[TASK INSTRUCTIONS]:
Exercise in exact copying: restate word for word only the lines below from the one containing "На одном из" through the one containing "依思 Q 女士毛毛雪地靴2025冬季新款 加绒保暖短靴 驼色 79.99元", omitting any pictures.

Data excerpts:
BEGIN
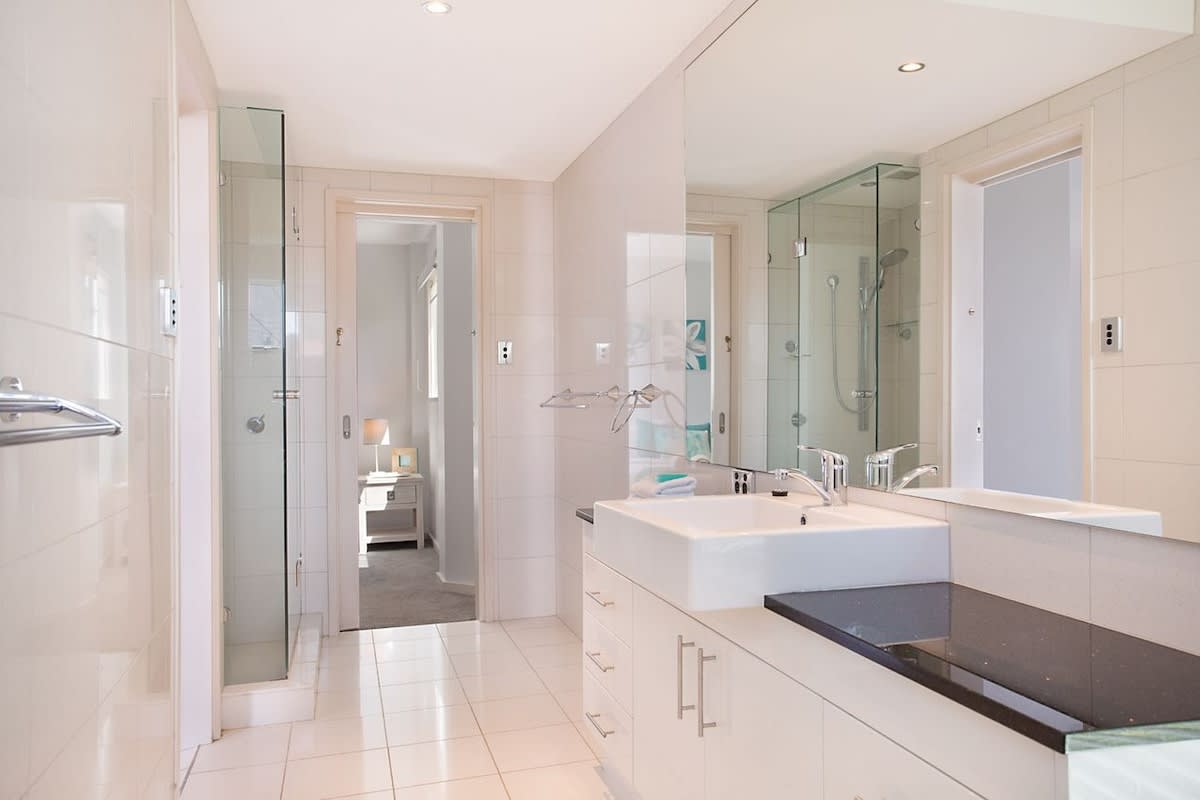 Keen chefs are sure to envy this contemporary black and white kitchen with its gleaming black granite countertops and sleek white units. It's sure to be the hub of social chatter as you make plans for the day. Prepare breakfast, snacks and drinks for the family while enjoying those superb river views through the open doors. Before heading out for the evening, share tasty hors d'oeuvres and a glass of chardonnay over the breakfast bar sitting on elegant high stools.
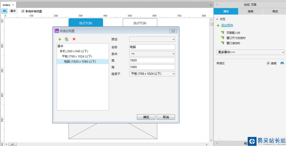 5、點擊左側(cè)自適應(yīng)按鈕,彈出自適應(yīng)視圖,分別設(shè)置手機、平板和電腦分辨率的范圍,如下圖所示:
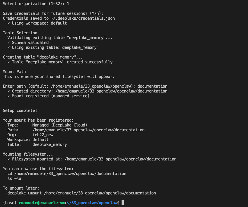 4. Choose mount path: you specify the local folder where the filesystem will be mounted (e.g. ~/agent-memory). The CLI connects it to your workspace and table, and the directory is live immediately.
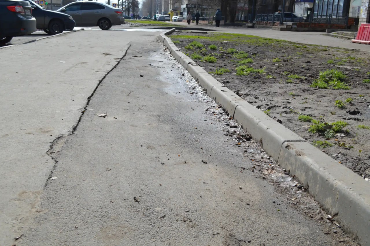 На одном из адресов по улице Минской были обнаружены повреждения: разрушен бордюрный камень и часть тротуара. Работы здесь выполняла компания ПАО «Т Плюс» поздней осенью 2025 года. По другим адресам на Минской, где вскрышные работы проводились в 2023 и 2025 годах, асфальт просел, образовались трещины.
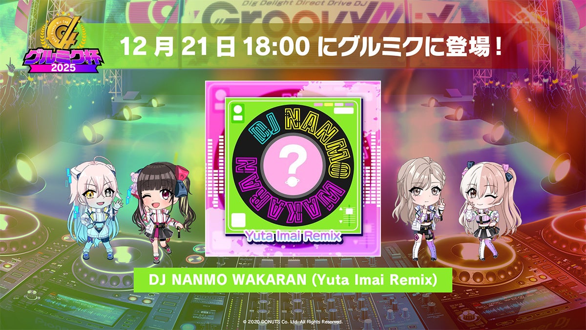 「グルミク杯2025」決勝戦の隠し楽曲で登場した「ハジマリビート(TAG Remix)」、「Get into the Abyssmare(かめりあ's "ULTRA ABYSSUM" Remix)」、エキシビジョンマッチにて登場した「DJ NANMO WAKARAN (Yuta Imai Remix)」の3曲が12月21日(日)18:00にグルミクに実装!
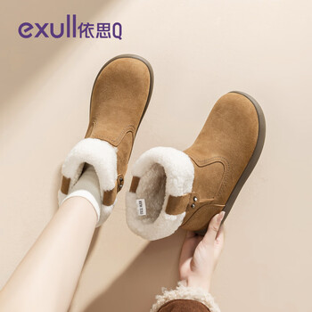 依思 Q 女士毛毛雪地靴2025冬季新款 加绒保暖短靴 驼色 79.99元
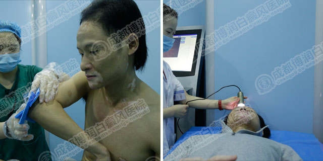 因为病情时间长,前期治疗未果,我院先为安澜进行全方位的大检查,以便全面了解病情。为了更好的确定治疗方案,从治疗史、黑色素细胞存活性、免疫系统等多方面综合考虑,医院多位主任联合为安澜制定诊疗方案,结合白癜风分诊中心的光疗与中医中心进行前期铺垫治疗,并在全程亲自操作治疗,避免偏差出现。
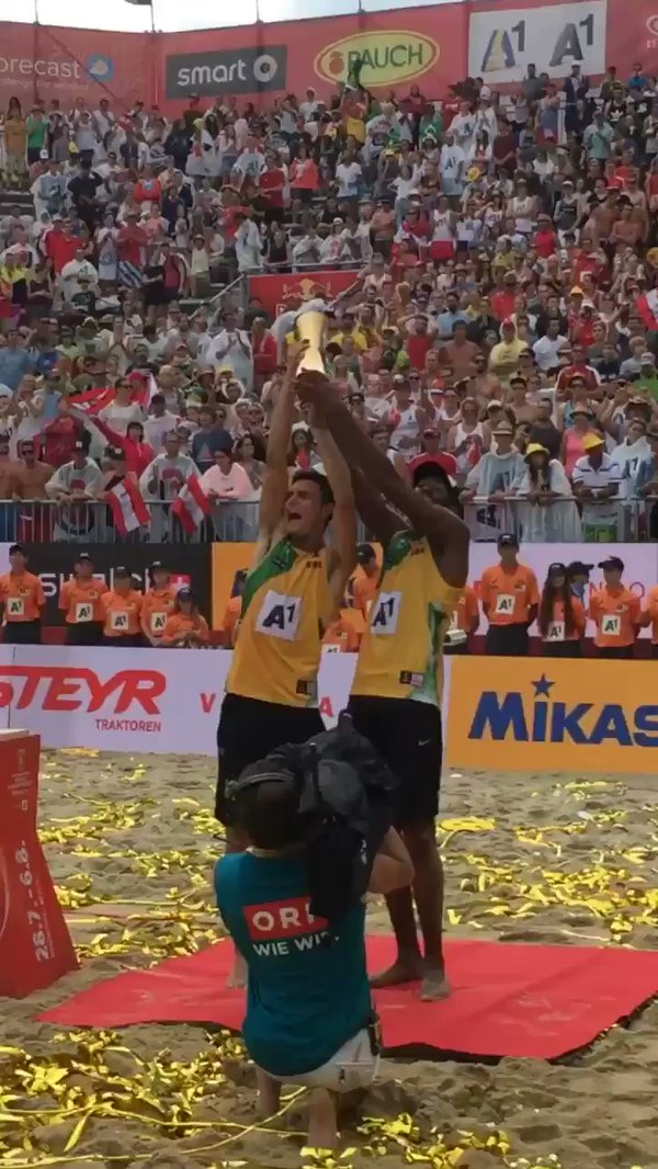 O título masculino do Campeonato Mundial de vôlei de praia ficou com a dupla brasileira Evandro e André Stein. Esta foi a sétima vez na história que o Brasil vence a dispita. Dois anos antes Alison/Bruno Schmidt conquistaram o ouro na Holanda diante da dupla holandesa Nummerdor/Varenhorst. Hoje, o carioca Evandro e o capixaba André repetiram o feito na Áustria, jogando numa arena lotada. A dupla brasileira não se intimidou diante de 10 mil espectadores que apoiavam os austríacos Clemens Dopller/Alexander Horst. O placar foi de 2 sets a 0, no primeiro título mundialde André e Evandro, que formaram a dupla no início deste ano.
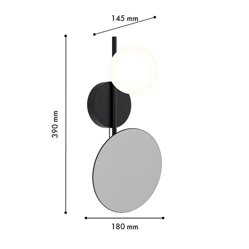 бра с каркасом в черном цвете, с защитой IP20 и цоколем G9, каркас с белым плафоном и увеличительным зеркалом.
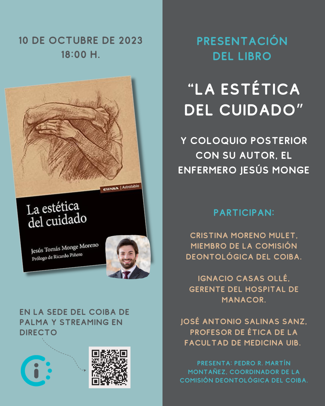 El Colegio Oficial de Enfermeros y Enfermeras de las Islas Baleares (COIBA) acoge en su sede de Palma la presentación del libro “La estética del cuidado”, del doctor en Enfermería Jesús Monge. Su autor compartirá las principales reflexiones de esta obra, la cual ahonda en cómo la relación entre el profesional sanitario y el paciente se está viendo afectada por múltiples factores como la falta de habilidades de comunicación, los constantes replanteamientos éticos y los problemas derivados de la gestión y la falta de recursos. Ante esta profunda crisis, “La estética del cuidado” propone avanzar hacia un modelo de relación y de cuidados desde una perspectiva más humana, integral, ética y estética, donde el liderazgo enfermero juega un papel fundamental.
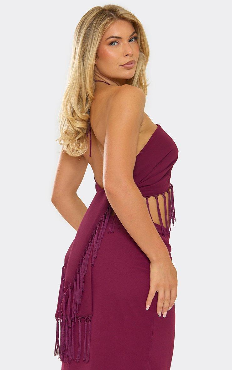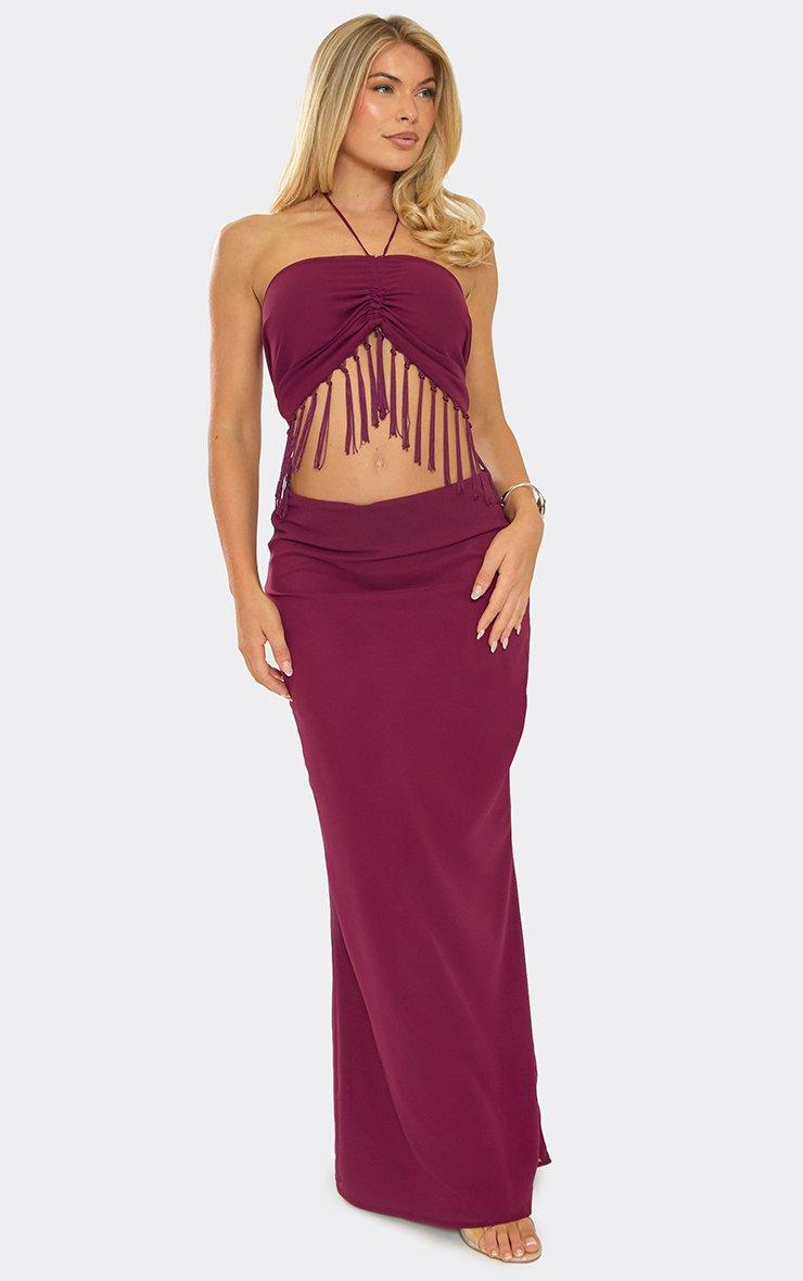 Halterneck Plunge Knot Front Detail Crop Top In Purple Slinky
END
[SOLVED EXERCISE]:
 На одном из адресов по улице Минской были обнаружены повреждения: разрушен бордюрный камень и часть тротуара. Работы здесь выполняла компания ПАО «Т Плюс» поздней осенью 2025 года. По другим адресам на Минской, где вскрышные работы проводились в 2023 и 2025 годах, асфальт просел, образовались трещины.
 「グルミク杯2025」決勝戦の隠し楽曲で登場した「ハジマリビート(TAG Remix)」、「Get into the Abyssmare(かめりあ's "ULTRA ABYSSUM" Remix)」、エキシビジョンマッチにて登場した「DJ NANMO WAKARAN (Yuta Imai Remix)」の3曲が12月21日(日)18:00にグルミクに実装!
 依思 Q 女士毛毛雪地靴2025冬季新款 加绒保暖短靴 驼色 79.99元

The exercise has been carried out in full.